Но Филип еще пожалеет об этом дне. Никто не смеет безнаказанно ставить себя выше Хамлеев, которые никогда не достигли бы таких высот, если бы позволяли всяким монахам оскорблять себя. Бартоломео из Ширинга осмелился унизить их – да помер в темнице. Вот и Филип кончит не лучше.
Том Строитель был еще одним человеком, кто пожалеет, что встал у Хамлеев на пути. Уильям не забыл, как он вызывающе вел себя, заставляя его расплатиться с работниками. А сегодня этот самый Том пренебрежительно назвал его «молодым лордом Уильямом». Совершенно очевидно, что он стал закадычным дружком Филипа. Но он еще узнает, что лучше бы ему было держаться Хамлеев, а не прибиваться к стану их врагов.
Уильям сидел и кипел от злости, пока епископ Генри не встал и не заявил, что готов к мессе. Приор Филип сделал знак послушнику, и тот стремглав выбежал из комнаты, а через минуту зазвонил колокол.
Все вышли из дома: первым епископ Генри, вторым епископ Уолеран, за ними приор Филип, а следом – все остальные. Ждавшие на улице монахи пристроились за Филипом, образовав процессию. Хамлеям пришлось замыкать шествие.
Работники-добровольцы, усевшись на крышах и стенах, заполонили всю западную половину монастыря. Генри забрался на стоявший посередине строительной площадки помост. За ним в ряд встали монахи. Хамлеи и вся свита епископа прошли в то место, которое в будущем должно было стать церковным нефом.
Едва расположившись, Уильям увидел Алину.
Она очень изменилась. На ней были грубая, дешевая одежда и деревянные башмаки; обрамлявшие ее лицо кудри слиплись от пота. Но определенно это была Алина, по-прежнему такая прекрасная, что у Уильяма пересохло в горле и он уставился на нее, не в силах оторвать глаз. Между тем служба началась, и стены монастыря заполнили тысячи голосов, распевающих «Отче наш».

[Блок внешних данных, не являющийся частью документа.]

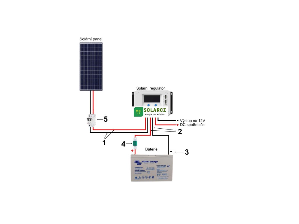 Sada neobsahuje propojovací kabeláž pro připojení panelu, regulátoru a baterie ani svorky pro připojení k akumulátoru. Tyto komponenty jsou nutné pro kompletní instalaci systému.

Казалось, она почувствовала на себе его взгляд, стала беспокойно переминаться с ноги на ногу, а затем оглянулась, словно ища кого-то. Наконец их глаза встретились. Лицо Алины исказила гримаса ужаса и страха, и она отпрянула, хотя расстояние между ними было более десяти ярдов, и друг от друга их отделяла не одна дюжина богомольцев. Перепуганная, она показалась Уильяму еще более желанной, и впервые за последний год он почувствовал, как его тело наполняется истомой вожделения. Она вспыхнула и, словно устыдившись, отвела взор. Что-то быстро сказав стоящему рядом парнишке – без сомнения, это был ее брат, – Алина повернулась и растворилась в толпе.
Уильяма так и подмывало броситься за ней, но, конечно же, сейчас, в середине службы, на глазах у родителей, двух епископов, сорока монахов и тысячи молящихся он не мог этого сделать. Раздосадованный, он снова повернулся к алтарю. Он упустил шанс выяснить, где она живет.
Хотя Алина и ушла, она все еще занимала его мысли. «Не грех ли это, когда в церкви вздымается плоть?» – в волнении дум ал он.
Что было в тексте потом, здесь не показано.